Time flies by when there’s a lot to do. Unfortunately, one hasn’t been able to get down to sharing as much as one wanted to in the anniversary edition but the celebrations can continue. What’s stopping me, right?
So what did I learn from my wanderings? If you know me, I am not the least bit interested in facts and figures, every extrinsic journey is in a way an intrinsic one, just a way in which I watch myself unfold and as I do, I become aware of just how little I know. But the peeling of the onion is a beautifully joyous and painful experience.
My time spent on the road is like my favourite song-‘Dhoop ki naseeb me dhoop mein liya he dum…chandani mile to hum chandani mein so liye….Dil pe aasra kiye hum to bus yunheen jiye, ek kadam pe has diye, ek kadam pe ro diye!’.
The road is a great teacher, it tests you and scares you. It makes you forget the consequence of time and makes you aware of the fragility of your existence. At the same it shows you the majesty of nature, of mind over matter and the glory of human achievement. Each hill, every mountain, each sunrise and every sunset makes you feel miniscule and irrelevant. Nature doesn’t need us, in fact it’s better off without us! Each road and every bridge makes you bow to the men who have travelled before you, for the ones who create the foundation, lay the gravel or build the piers. Man’s exploratary nature never ceases.
Though there are hardly any roads less travelled anymore, there are still plenty with potholes and there’s no dearth of adventure if you spend your life celebrating your existence. On the road, you are awed and grateful, you smile more and love easily. Every beautiful stranger makes your heart skip a beat, more words are spoken through silences and there is an urgency with which you want to open yourself up to everything and everybody. On the road you hope more and want less!

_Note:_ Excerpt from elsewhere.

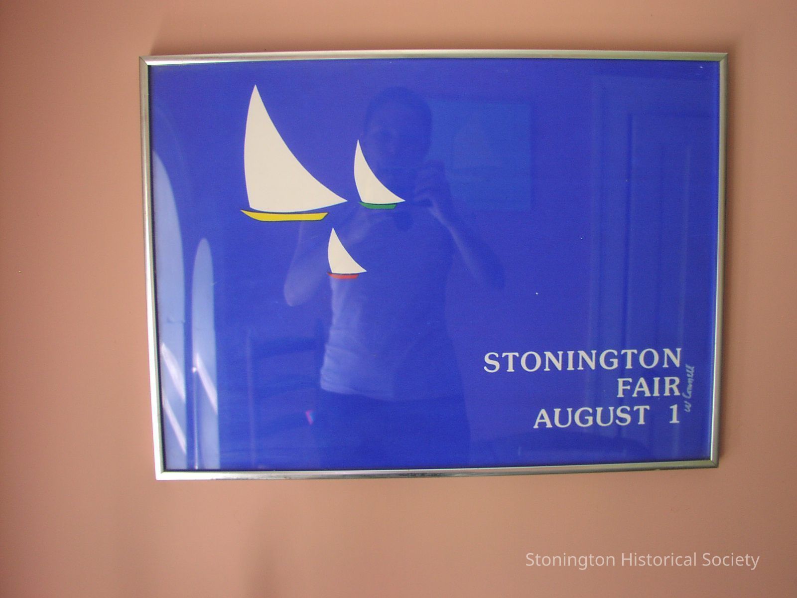 Stonington Village Fair poster, August 1 (1981) framed. Bright blue with three sailboarts; signed on right edge, vertically. One of 18.Collection

On the road you leave behind greed and are greeted by wonderment, you become a seeker and then a believer and then a seeker and it goes on and on. The end becomes the beginning and the beginning becomes the end and then it starts all over again. Each dawn brings with it the desire to move forward, just a little bit more. The chains of attachments, of love and family all start to break as you become aware for just a fraction of a second, of the potential of your own spirit.
On the road words loose their significance, actions become important but its the intention behind those actions that you become acutely aware of. The basic animal instinct, that raw power in the gut that directs us takes a hold over the mind. Fleeting thoughts, disappear into the clouds and teardrops into the rain. The solitude makes you feel peaceful, detached and just a little bit wonkier than you are! After all, if you start to see the creator in the creation, you must be losing your mind!